Compulsados os autos, importa apreciar «preliminar e sumariamente», como compete a esta Formação, se estão verificados os «pressupostos» de admissibilidade do recurso de revista - referidos no citado artigo 150º do CPTA - ou seja, se está em causa uma questão que «pela sua relevância jurídica ou social» assume «importância fundamental», ou se a sua apreciação por este Supremo Tribunal é «claramente necessária para uma melhor aplicação do direito».

Ora, como vem sublinhando esta «Formação», a admissão da revista fundada na clara necessidade de uma melhor aplicação do direito prende-se com situações respeitantes a matérias relevantes tratadas pelas instâncias de forma pouco consistente, ou, até, de forma contraditória, a exigir a intervenção do órgão de cúpula da justiça administrativa como essencial para dissipar as dúvidas sobre o quadro legal que regula essa concreta situação, emergindo, destarte, a clara necessidade de uma melhor aplicação do direito com o significado de boa administração da justiça em sentido amplo e objectivo. E que a relevância jurídica fundamental se verifica quando se esteja - designadamente - perante questão jurídica de elevada complexidade, seja porque a respectiva solução envolve a aplicação conjugada de diversos regimes jurídicos, seja porque o seu tratamento tenha já suscitado dúvidas sérias na jurisprudência ou na doutrina. Por seu lado, a relevância social fundamental aponta para questão que apresente contornos indiciadores de que a respectiva solução pode corresponder a paradigma de apreciação de casos similares, ou que verse sobre matérias revestidas de particular repercussão na comunidade.

Feita essa apreciação preliminar e sumária, tal como nos compete, ressalta desde logo a «unanimidade» na decisão proferida pelas instâncias relativamente à declaração de nulidade dos supra identificados actos administrativos. E, em boa verdade, as razões jurídicas avançadas para o efeito assentam numa interpretação e aplicação das normas legais convocadas - pontificando os «artigos 8º e 16º do RPDM de Torres Vedras» - à situação factual provada que não impõem uma ostensiva censura. De facto, o discurso despendido no acórdão recorrido - no seguimento da «sentença de 1ª instância» - mostra-se lógico, aceitável, e conducente a um resultado jurídico razoável. E assim, não obstante a discordância do município recorrente, certo é que a revista não deverá ser admitida em nome da «clara necessidade» de obter «uma melhor aplicação do direito».
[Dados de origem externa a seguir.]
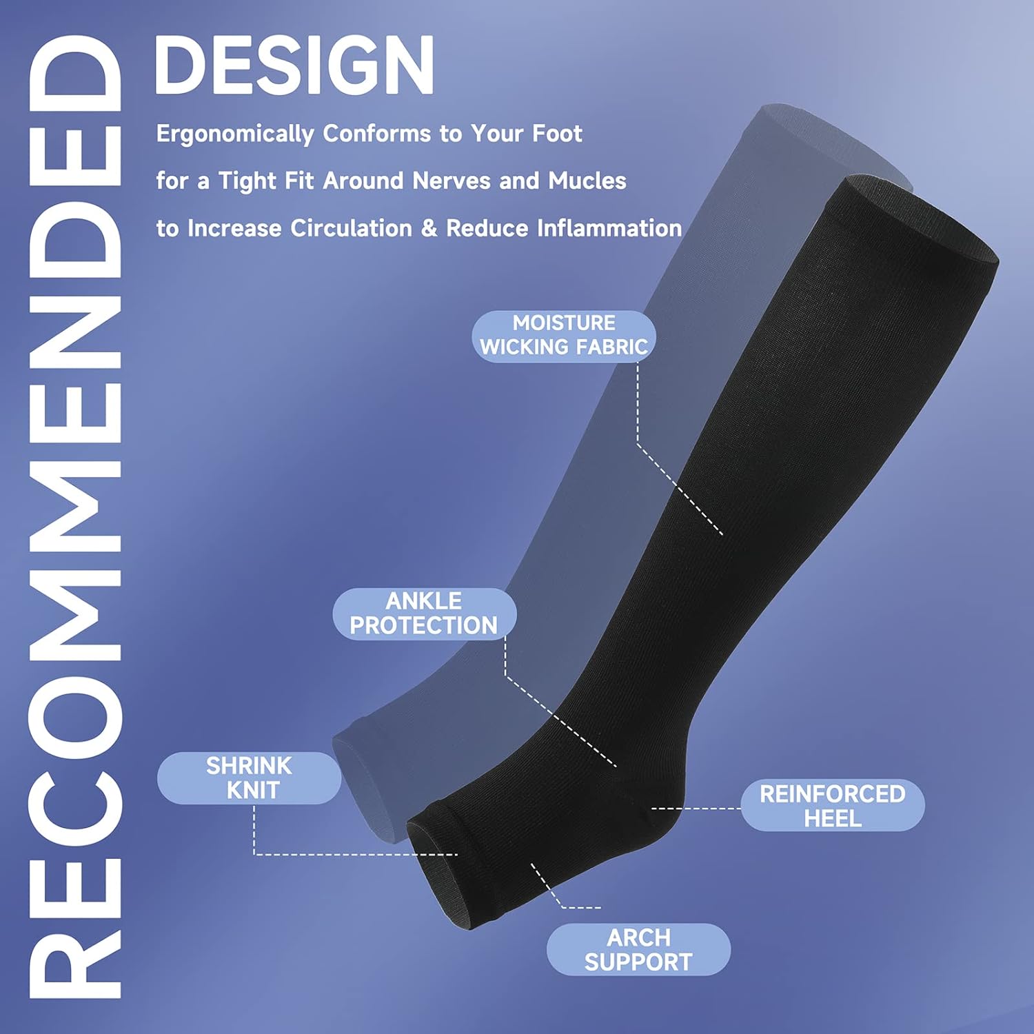 ✅ OPEN TOE COMPRESSION SOCKS FOR MEN AND WOMEN – Scientifically Proven that 15-20 mmHg Gradient Open Toe Compression Socks Can Compress the Ankle to the greatest extent and gradually reduce the pressure on the calf. Toeless compression socks can provide support for the legs, effectively promote blood circulation, and are not tight. After prolonged exercise, it helps to reduce the accumulation of lactic acid and helps to restore the muscles of the calves, ankles, feet and legs.

Note-se, agora quanto à censura dirigida nas alegações de revista à aplicação do artigo 134º, nº3, do CPA, que, por um lado, o acórdão recorrido não aplicou tal artigo, contra o que parece supor o recorrente, antes o invocou para recusar a natureza dos actos de constituição da propriedade horizontal e dos negócios jurídicos de compra e venda das fracções autónomas como actos consequentes dos declarados nulos, e, por outro lado, que esta questão foi tratada, no acórdão recorrido, no âmbito do recurso subordinado intentado pelo MINISTÉRIO PÚBLICO e não no âmbito da apelação do ora recorrente.

E das alegações deste, em sede de revista, não decorre a formulação de questão ou de questões de particular relevância jurídica ou social mas antes a pretensão de abrir uma «terceira instância», não permitida por lei. E tão pouco o teor deste «caso», atentas as suas particularidades factuais e jurídicas, legitima a «conclusão» de que uma eventual admissão da revista teria relevantes efeitos paradigmáticos.

Por isso, entendemos não se verificar qualquer um dos «pressupostos» justificativos da admissão da revista, pelo que, não será este caso susceptível de quebrar a «regra da excepcionalidade» da admissão do respectivo recurso.

Nestes termos, e de harmonia com o disposto no artigo 150º do CPTA, acordam os juízes desta formação em não admitir a revista.

Custas pelo recorrente.

Lisboa, 19 de Janeiro de 2023. – José Veloso (relator) – Teresa de Sousa – Carlos Carvalho.